Records supplied: Begin
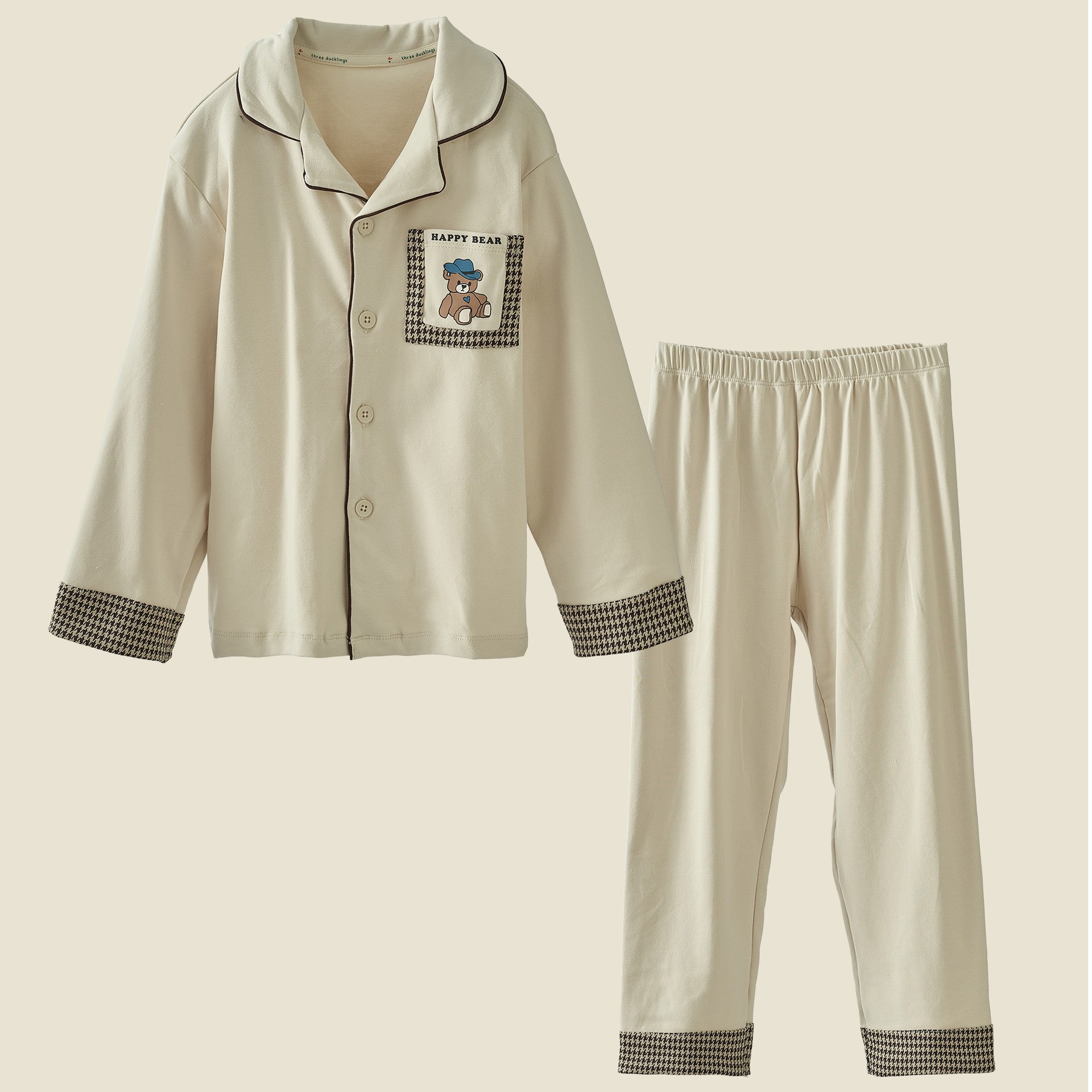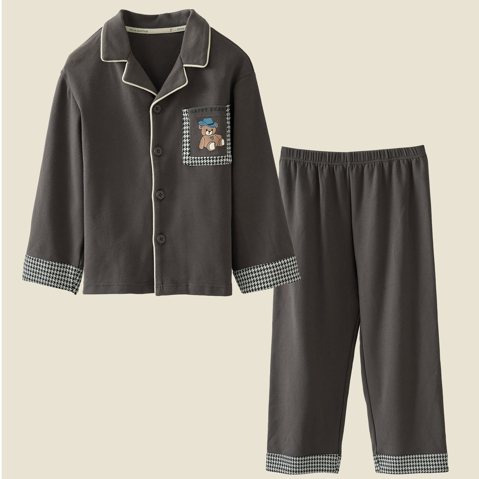 세 마리의 오리 어린이 면 홈웨어 세트 남아 여아 부모-자녀 스타일 잠옷 가을 겨울 남녀 공용 레트로 스타일
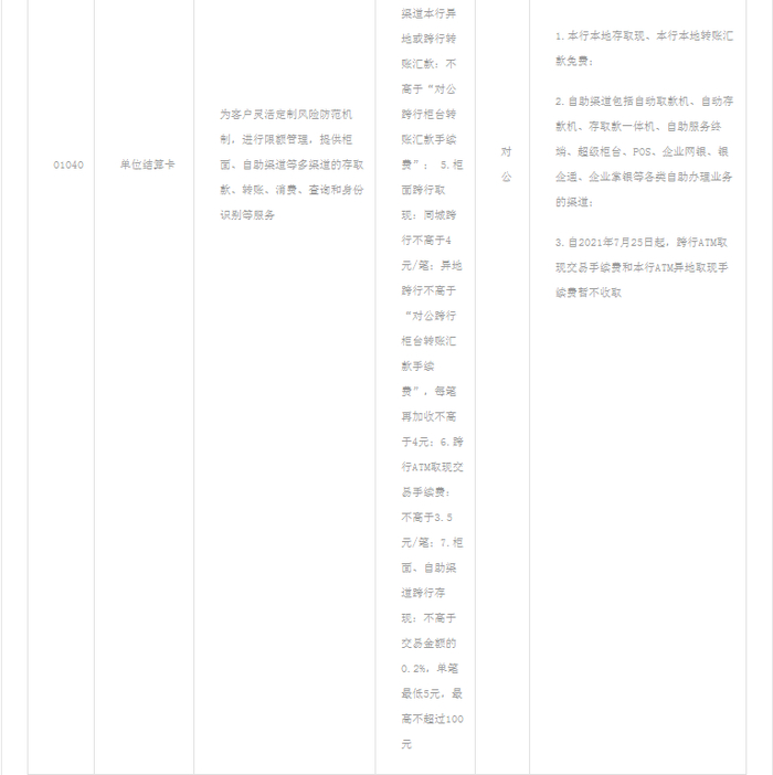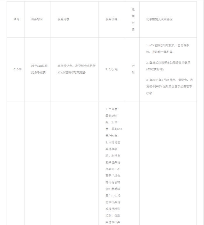 为落实中国银行业协会、中国支付清算协会《关于降低自动取款机(ATM)跨行取现手续费的倡议书》,持续减费让利,惠企利民,我行对《中国农业银行服务收费价格目录》中“跨行ATM取现交易手续费”和“单位结算卡”服务项目的服务价格、优惠措施及说明备注进行调整,并于2021年7月25日零时生效。
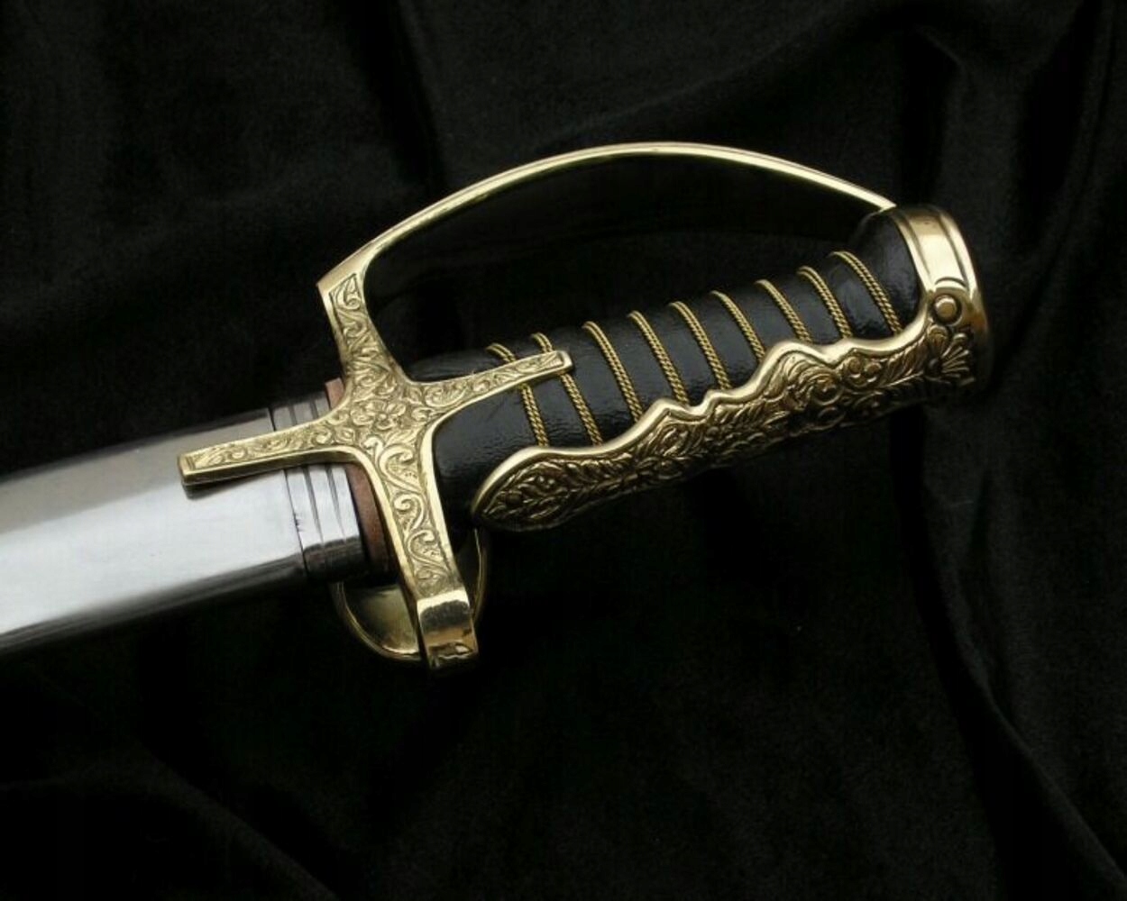 Ця шабля має злегка вигнуту ручку. Закрита гарда (нахилена під кутом 105˚ до поперечини) захищала руку і забезпечувала правильний баланс зброї. Латунний ковпак, що закриває задню частину рукоятки, посилював хват. Латунна хрестовина з вусом зміцнювала зброю в найслабшому місці - у місці з'єднання клинка з руків'ям і додатково захищала руку. Латунний палець, розташований посередині хрестовини, дозволяв краще контролювати шаблю під час атаки.
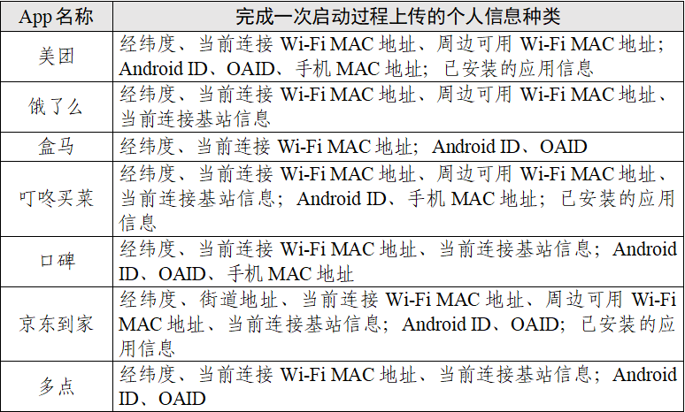 (5)在后台静默场景中,个人信息上传种类最多的为美团和盒马(均为2类)。具体情况如表11。
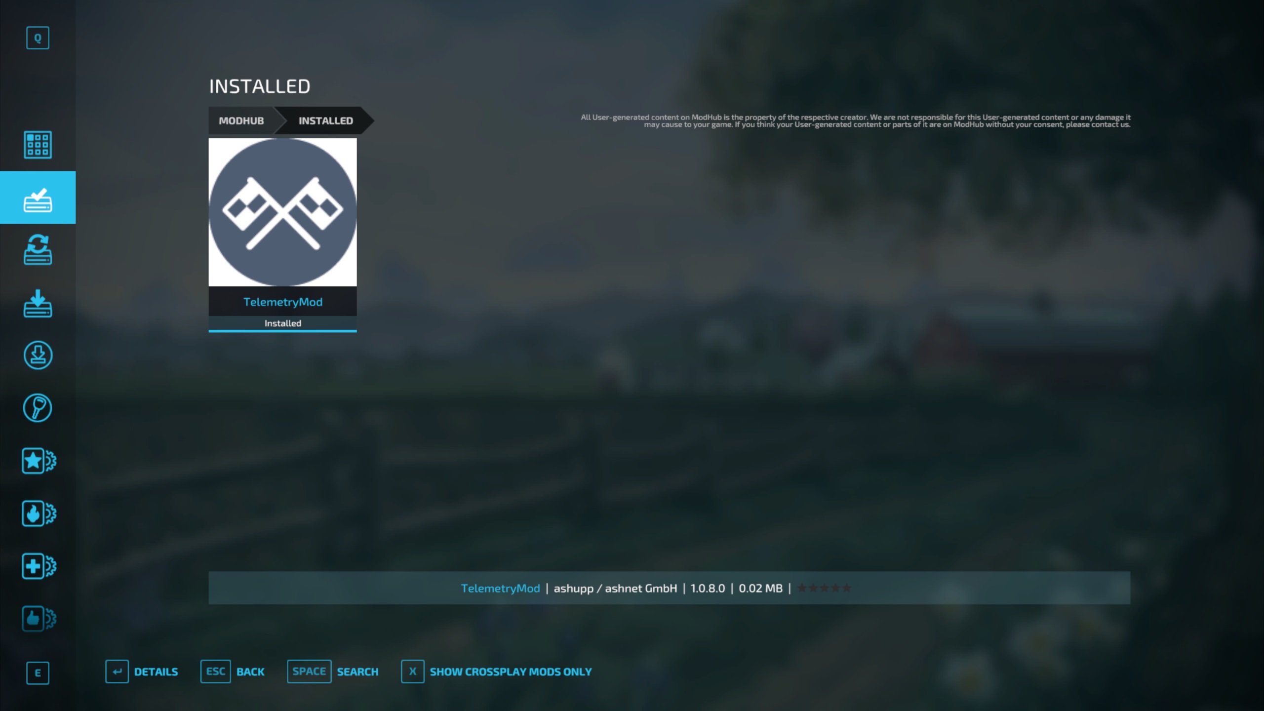 8.Select INSTALLED. The TelemetryMod should appear in the ModHub as the image below. If the TelemetryMod is not in the INSTALLED folder, please close Farming Simulator 22 and go to the GAMES > PC tab and click the CONFIG button.
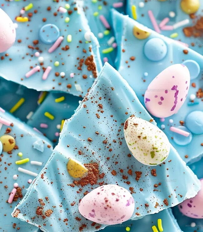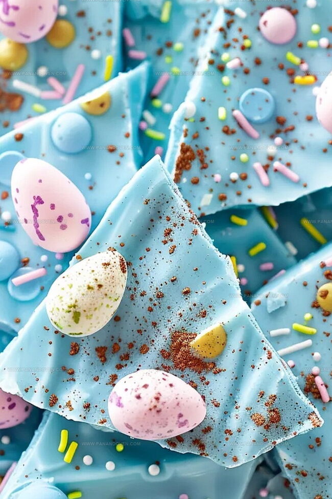Pastel-hued candy treats with Robin egg Easter bark sparkle like springtime confetti, catching every eye at the dessert table.
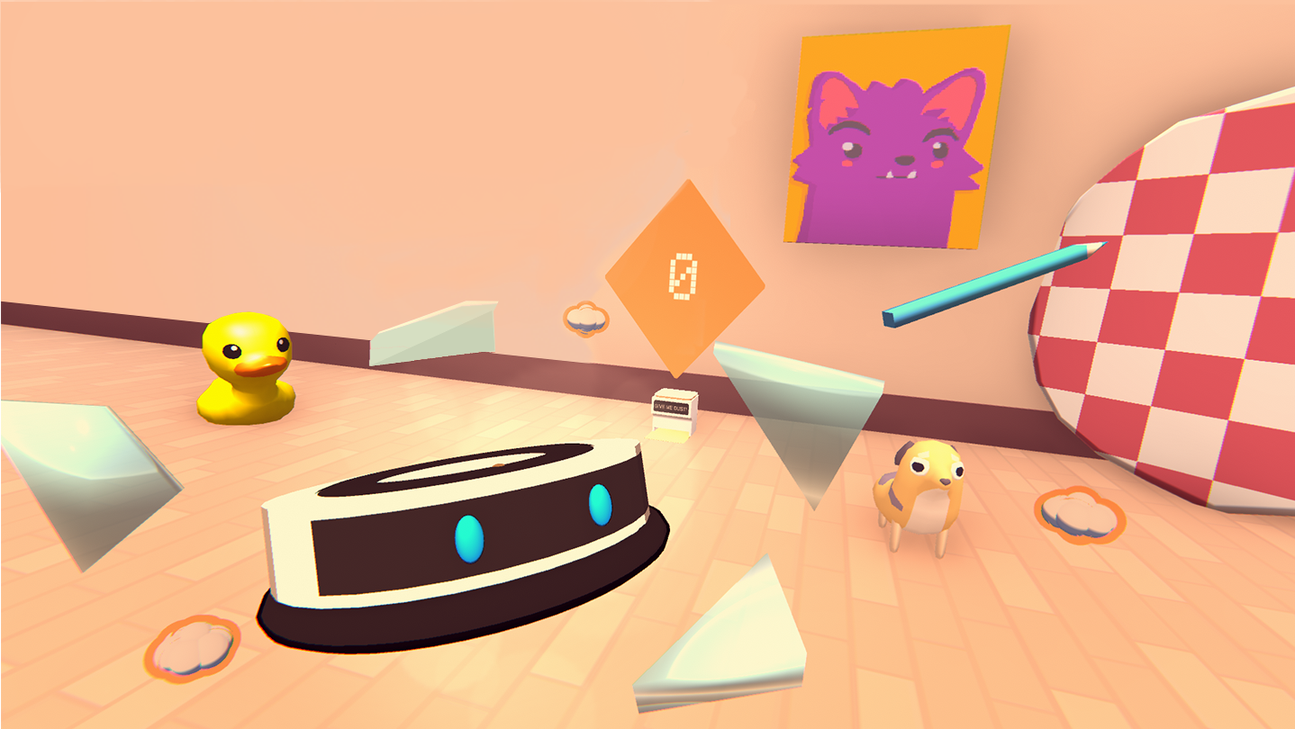 Dusty’s Sweeping Cleanup is an action and racing inspired experience about cleaning your way around the house. Take control of Dusty the Robot Vacuum and trace your own path in a variety of fast paced and open environments.
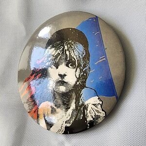 Keywords: Les Miserables, Gavroche, Button Badge, Pinback, Vintage, Collectible, Made in England, Literary, Musical, Theater, Retro, 80s, Novel, Character
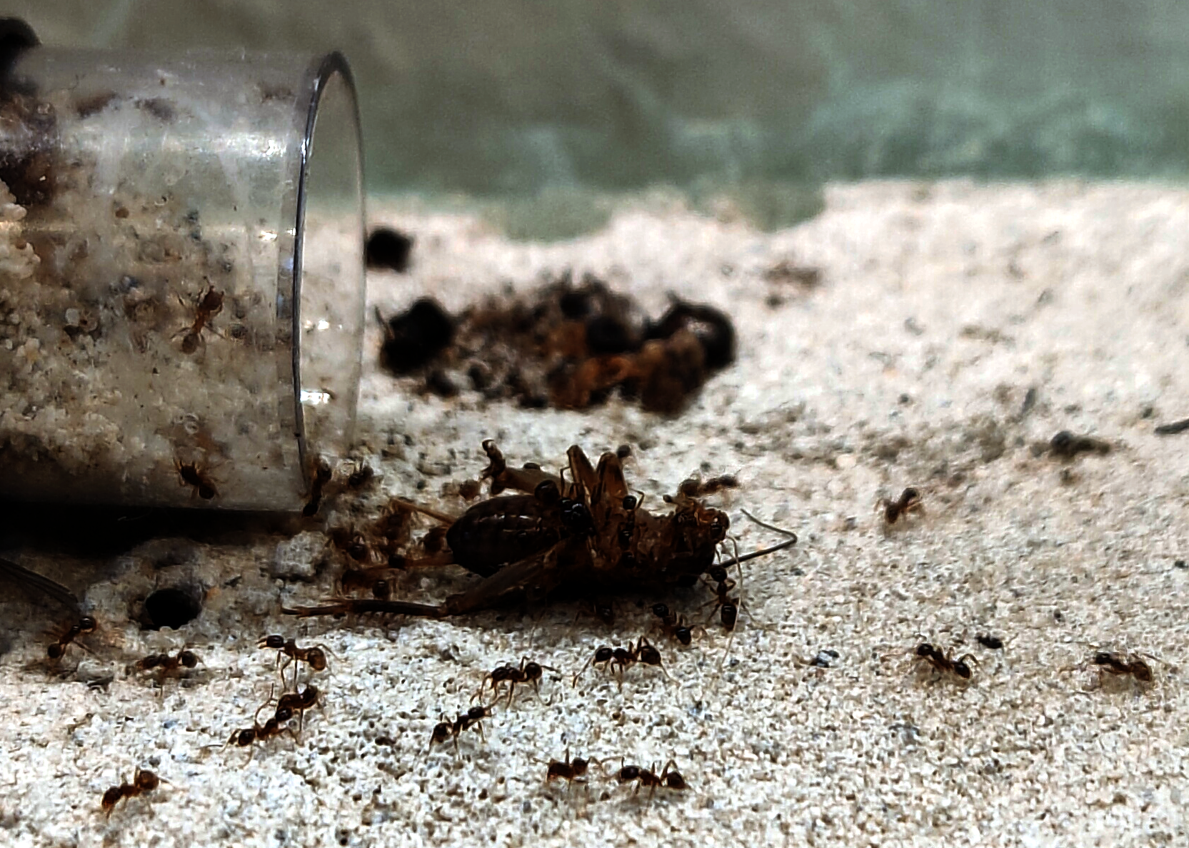 Habe heute Morgen bei KFKA das von Harry gelesen mit den Fischflocken. WĂ€re es nicht direkt bei dem ersten Kaffee des Morgens gewesen, hĂ€tte ich vielleicht drauf schlieĂen können, dass es als Schabenfutter gemeint war und nicht als Ameisenfutter. Nun ja den Pheidole pallidula schmeckte es wohl dennoch was ich ihnen da anrĂŒhrte.
Records supplied: End
Keep the pictures out, and write out the rest of the data above word for word.

=== Response ===
 세 마리의 오리 어린이 면 홈웨어 세트 남아 여아 부모-자녀 스타일 잠옷 가을 겨울 남녀 공용 레트로 스타일
 为落实中国银行业协会、中国支付清算协会《关于降低自动取款机(ATM)跨行取现手续费的倡议书》,持续减费让利,惠企利民,我行对《中国农业银行服务收费价格目录》中“跨行ATM取现交易手续费”和“单位结算卡”服务项目的服务价格、优惠措施及说明备注进行调整,并于2021年7月25日零时生效。
 Ця шабля має злегка вигнуту ручку. Закрита гарда (нахилена під кутом 105˚ до поперечини) захищала руку і забезпечувала правильний баланс зброї. Латунний ковпак, що закриває задню частину рукоятки, посилював хват. Латунна хрестовина з вусом зміцнювала зброю в найслабшому місці - у місці з'єднання клинка з руків'ям і додатково захищала руку. Латунний палець, розташований посередині хрестовини, дозволяв краще контролювати шаблю під час атаки.
 (5)在后台静默场景中,个人信息上传种类最多的为美团和盒马(均为2类)。具体情况如表11。
 8.Select INSTALLED. The TelemetryMod should appear in the ModHub as the image below. If the TelemetryMod is not in the INSTALLED folder, please close Farming Simulator 22 and go to the GAMES > PC tab and click the CONFIG button.
Pastel-hued candy treats with Robin egg Easter bark sparkle like springtime confetti, catching every eye at the dessert table.
 Dusty’s Sweeping Cleanup is an action and racing inspired experience about cleaning your way around the house. Take control of Dusty the Robot Vacuum and trace your own path in a variety of fast paced and open environments.
 Keywords: Les Miserables, Gavroche, Button Badge, Pinback, Vintage, Collectible, Made in England, Literary, Musical, Theater, Retro, 80s, Novel, Character
 Habe heute Morgen bei KFKA das von Harry gelesen mit den Fischflocken. WĂ€re es nicht direkt bei dem ersten Kaffee des Morgens gewesen, hĂ€tte ich vielleicht drauf schlieĂen können, dass es als Schabenfutter gemeint war und nicht als Ameisenfutter. Nun ja den Pheidole pallidula schmeckte es wohl dennoch was ich ihnen da anrĂŒhrte.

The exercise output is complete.